Dampak positif yang diberikan oleh PAI pun mendapat apresiasi dari pemerintah setempat,. Bupati Nagekeo, Johanes Don Bosco Do mengungkapkan, Mbay memiliki potensi yang besar untuk dapat menjadi lumbung padi di Provinsi Nusa Tenggara Timur (NTT). Kami memiliki 5.000 hektar sawah, dan beras asal Mbay sudah terkenal unggul sejak dulu. Namun, beberapa tahun terakhir ini produktivitasnya cenderung stagnan dan kian menurun.

“Pendampingan yang dilakukan PAI ini terbukti mampu meningkatkan kualitas dan kuantitas hasil panen, sehingga pendapatan petani meningkat dan pasokan pangan di daerah tetap terjaga. Pengembangan ekosistem petani swadaya ini dinilai sebagai praktik terpadu yang dapat menguatkan perekonomian daerah.
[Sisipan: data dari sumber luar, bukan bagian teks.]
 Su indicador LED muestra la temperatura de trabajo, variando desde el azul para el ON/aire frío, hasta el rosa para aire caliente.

Kepala Bank Indonesia Kantor Perwakilan Provinsi NTT”, ujar Don.

Sementara itu, Kepala BI Kantor Perwakilan di Provinsi NTT, I Nyoman Ariawan Atmaja, mengatakan, Pengembangan Ekosistem Beras Natural Mbay ini merupakan praktik yang sangat baik dan patut dibawa ke tingkat nasional untuk dijadikan contoh program pengendalian inflasi daerah.
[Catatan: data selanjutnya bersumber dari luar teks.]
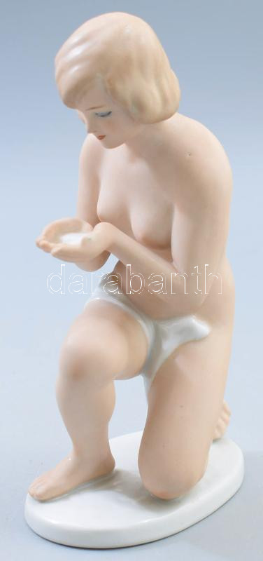 Wallendorf fürdőző női akt. Jelzett, mázas és biszkvit porcelán, jelzett, m: 19,5 cm.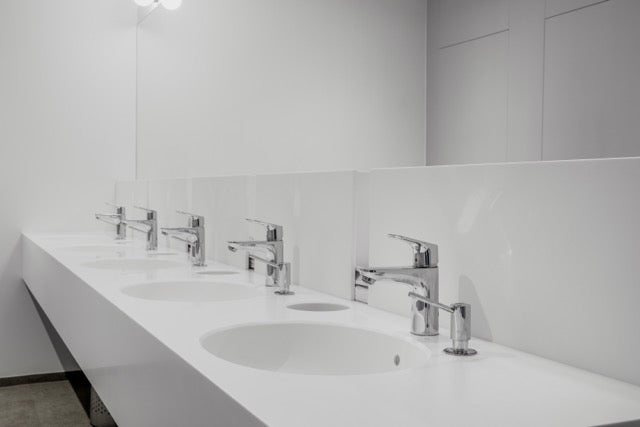 Það er alltaf gaman þegar hönnun og notagildi fara saman. Það má eiginlega seigja að slíkt sé svo til undantekningarlaust þegar Corian® er notað á almenningssalerni. Samskeytalausir vaskar auðvelda öll þrif og koma í veg fyrir að skítur safnist fyrir á erfiðum stöðum.

“Kedepannya diharapkan semakin banyak wilayah di Indonesia yang dapat mengembangkan closed-loop ecosystem seperti ini dengan komoditas yang juga beragam”, tegasnya.

Sebagai perusahaan yang memiliki visi untuk menciptakan pertanian berkelanjutan, PAI secara konsisten menghadirkan berbagai inovasi demi menciptakan industri pertanian yang tidak hanya menguntungkan, namun juga ramah lingkungan.
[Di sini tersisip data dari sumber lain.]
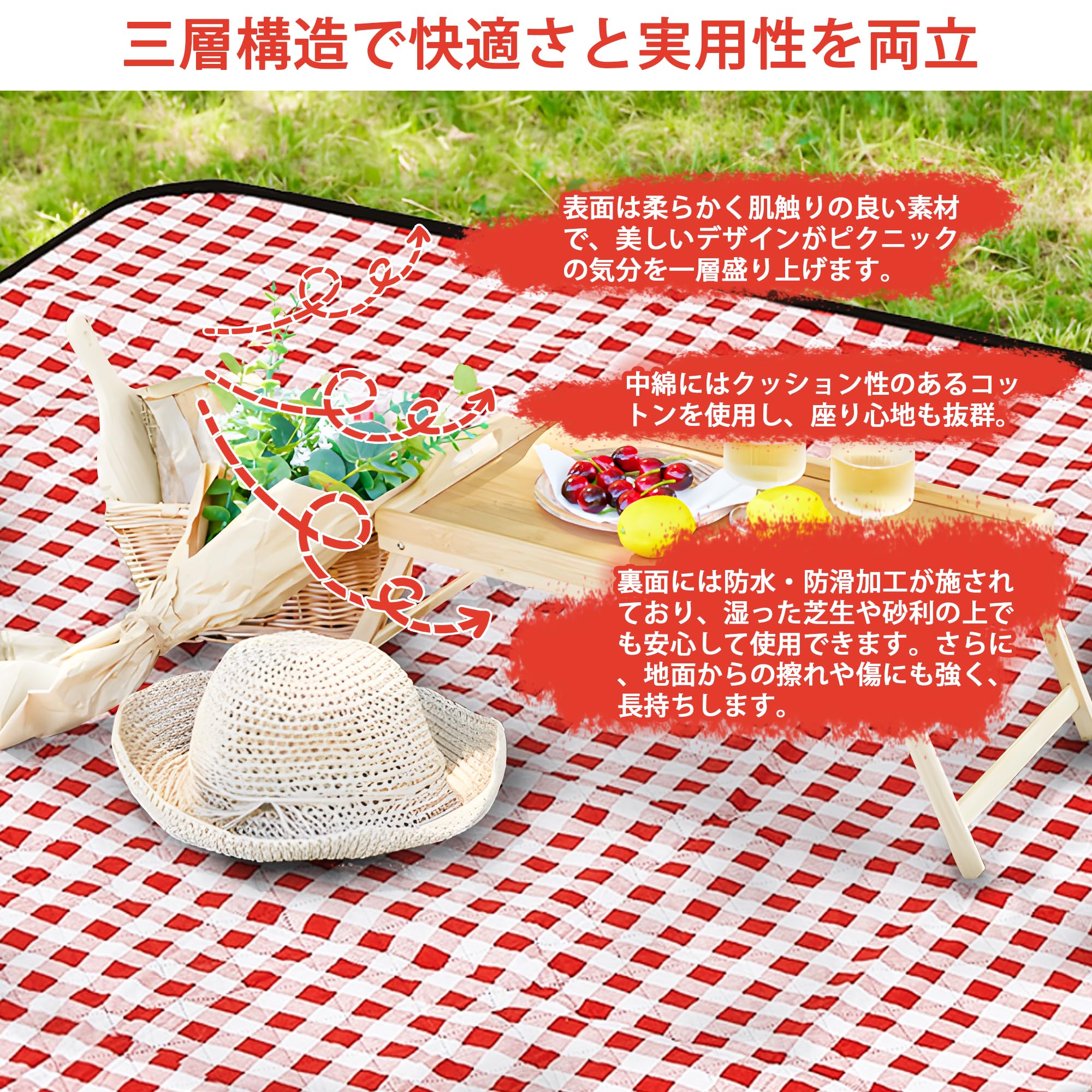 【丈夫で耐久性抜群】このレジャーマットは厚手で丈夫な素材を使用しており、長時間の使用にも耐えられます。キャンプ用品として、ピクニックやキャンプだけでなく、ビーチやスポーツ観戦にも最適です。

Kukuh kembali menjelaskan, hingga saat ini, reduktan pestisida, yang merupakan produk unggulan PAI, telah turut serta dalam mengurangi hingga 2 juta liter penggunaan pestisida di Indonesia.

“Kami berharap inisiasi ini dapat mengurangi residu input sintetis secara bertahap, sehingga dapat turut memperbaiki kualitas lingkungan pertanian di Nagekeo. Selain itu, Kami berharap teknologi PPAI dapat mendukung para petani di Mbay untuk mencapai potensi maksimalnya serta meningkatkan produktivitas pertanian dan pendapatan petani,” tambahnya.

Pandawa Agri Indonesia merupakan perusahaan berbasis life-science pertama dari Indonesia dan saat ini satu-satunya yang memiliki inovasi dalam pengembangan produk pengurang pestisida (reduktan pestisida).

Berawal dari inovasi tersebut, Pandawa Agri Indonesia berkomitmen membantu para pelaku usaha pertanian untuk mewujudkan praktik-praktik pertanian yang berkelanjutan, ramah lingkungan, aman bagi pengguna, dan juga efisiensi biaya.

 

Share.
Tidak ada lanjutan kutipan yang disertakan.